St. Paul's Church is a former Church of Ireland on North King Street, Smithfield, Dublin, presently the home of the Spade Enterprise Centre.

==History==
The first church was opened on the site was constructed in 1702.

The present building was completed and opened in 1824, in the Gothic style, according to the plans of William Farrell.

The parish was formerly part of St. Michan's, which was reduced to the area immediately around it, and two new parishes were established from St. Michans, St. Mary's and St. Paul's - land in North King Street on which St. Paul's was established was set aside in 1697. The older St. Paul's church held its last service on Easter Sunday, 1821. 1830 seen some of the northern part of the parish moved to the newly established All Saints Church, Grangegorman parish.

A chancel and porches were added by Albert E. Murray in 1880, reversing its orientation.

===Closure===
In 1987 the doors of the Church were finally closed for good and it was de-consecrated, and worship was transferred back to St. Michan's.

==People associated with St. Paul's==
Rectors of the church include the Rev. Dr. Charles Carr (1708–1716) a subsequent Bishop of Killaloe, Rev. Dr. Oliver Brady, Rev. Dr. Boyle Travers, Rev. Dr. Dixie Blundell, Rev. Thomas Radcliffe and to Rev W. J. Le Fanu.
The older church was reputed to be the burial place of Robert Emmet, and where the philosopher George Berkeley was consecrated as Bishop of Cloyne in 1734.

Viscount Charlemont was one of the original churchwardens.

==Cemetery==
The attached cemetery was the primary place of interment for the nearby garrison of Dublin and contained a monument to the memory of Lt. Col. Lyde Browne (shot dead by the United Irishmen in 1803), of the 21st Royal Fusiliers and a mural tablet to three privates of the same regiment, who all were killed in the insurrection of 1803; as well as a mausoleum for the family of Colonel Ormsby. The graveyard closed in the 1860s.

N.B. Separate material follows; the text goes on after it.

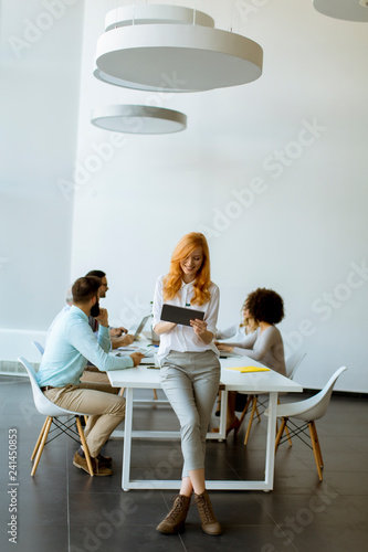 Pretty young red hair woman using digital tablet

Most of the graveyard is under tarmac and the remainder, an unused fenced-off area to the south, is under gravel. A further section has been alienated to the south again, where a former school building now houses a community centre.

==Records==
Church of Ireland records from 1702 to 1892 at the Representative Church Body; burial records are at the Genealogical Office, Manuscript No. 577. The proceedings of the church are recorded in minute books which survive intact back to the year 1698.